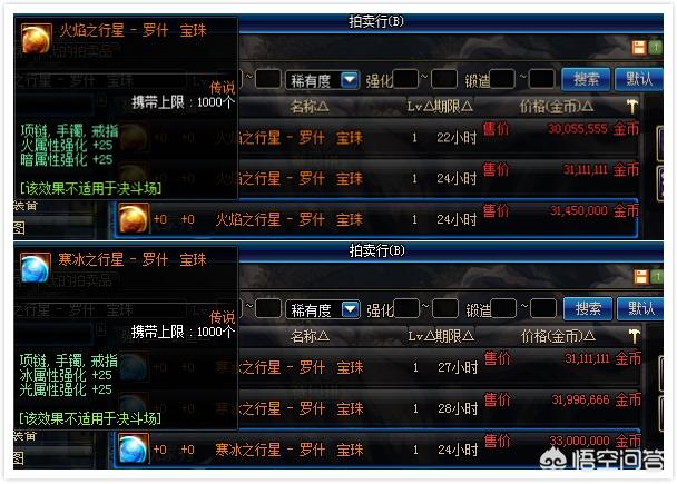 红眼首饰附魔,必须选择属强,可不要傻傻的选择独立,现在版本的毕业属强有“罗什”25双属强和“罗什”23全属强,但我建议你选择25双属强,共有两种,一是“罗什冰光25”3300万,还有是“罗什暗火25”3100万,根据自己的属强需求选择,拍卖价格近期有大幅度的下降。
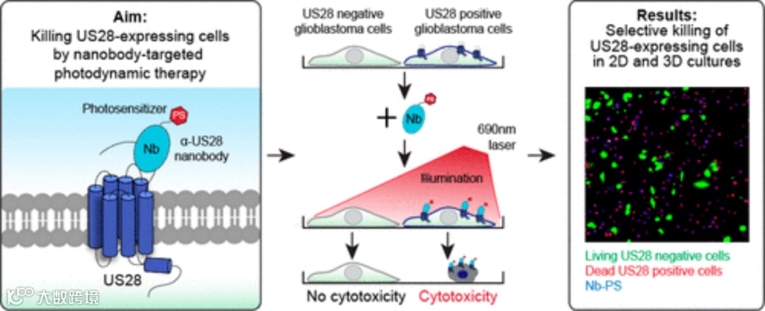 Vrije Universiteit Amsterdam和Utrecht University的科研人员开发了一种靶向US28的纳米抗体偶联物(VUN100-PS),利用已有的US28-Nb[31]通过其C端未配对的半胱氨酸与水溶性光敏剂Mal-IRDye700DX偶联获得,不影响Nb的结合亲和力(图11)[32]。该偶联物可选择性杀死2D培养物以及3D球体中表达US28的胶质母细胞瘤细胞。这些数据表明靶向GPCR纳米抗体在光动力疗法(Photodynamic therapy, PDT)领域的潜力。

---

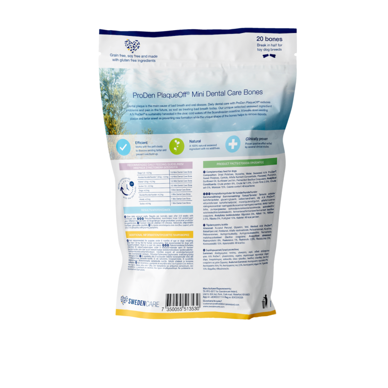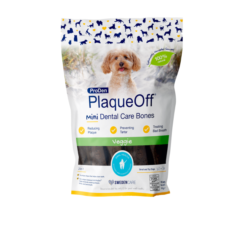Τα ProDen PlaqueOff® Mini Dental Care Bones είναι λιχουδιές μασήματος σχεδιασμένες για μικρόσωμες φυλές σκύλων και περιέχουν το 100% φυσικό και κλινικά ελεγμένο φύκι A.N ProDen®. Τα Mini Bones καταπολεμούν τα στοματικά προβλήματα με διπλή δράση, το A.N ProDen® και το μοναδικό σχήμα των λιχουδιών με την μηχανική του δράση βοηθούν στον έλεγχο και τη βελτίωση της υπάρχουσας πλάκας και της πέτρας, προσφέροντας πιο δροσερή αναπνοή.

WHAT NEEDS TO BE DONE –
The material above holds pictures; leave them out and set down exactly the lines from the line with "红眼首饰附魔,必须选择属强,可不要傻傻的" to the line with "Vrije Universiteit Amsterdam和Utrecht", both included.

EXERCISE RESULT –
 红眼首饰附魔,必须选择属强,可不要傻傻的选择独立,现在版本的毕业属强有“罗什”25双属强和“罗什”23全属强,但我建议你选择25双属强,共有两种,一是“罗什冰光25”3300万,还有是“罗什暗火25”3100万,根据自己的属强需求选择,拍卖价格近期有大幅度的下降。
 Vrije Universiteit Amsterdam和Utrecht University的科研人员开发了一种靶向US28的纳米抗体偶联物(VUN100-PS),利用已有的US28-Nb[31]通过其C端未配对的半胱氨酸与水溶性光敏剂Mal-IRDye700DX偶联获得,不影响Nb的结合亲和力(图11)[32]。该偶联物可选择性杀死2D培养物以及3D球体中表达US28的胶质母细胞瘤细胞。这些数据表明靶向GPCR纳米抗体在光动力疗法(Photodynamic therapy, PDT)领域的潜力。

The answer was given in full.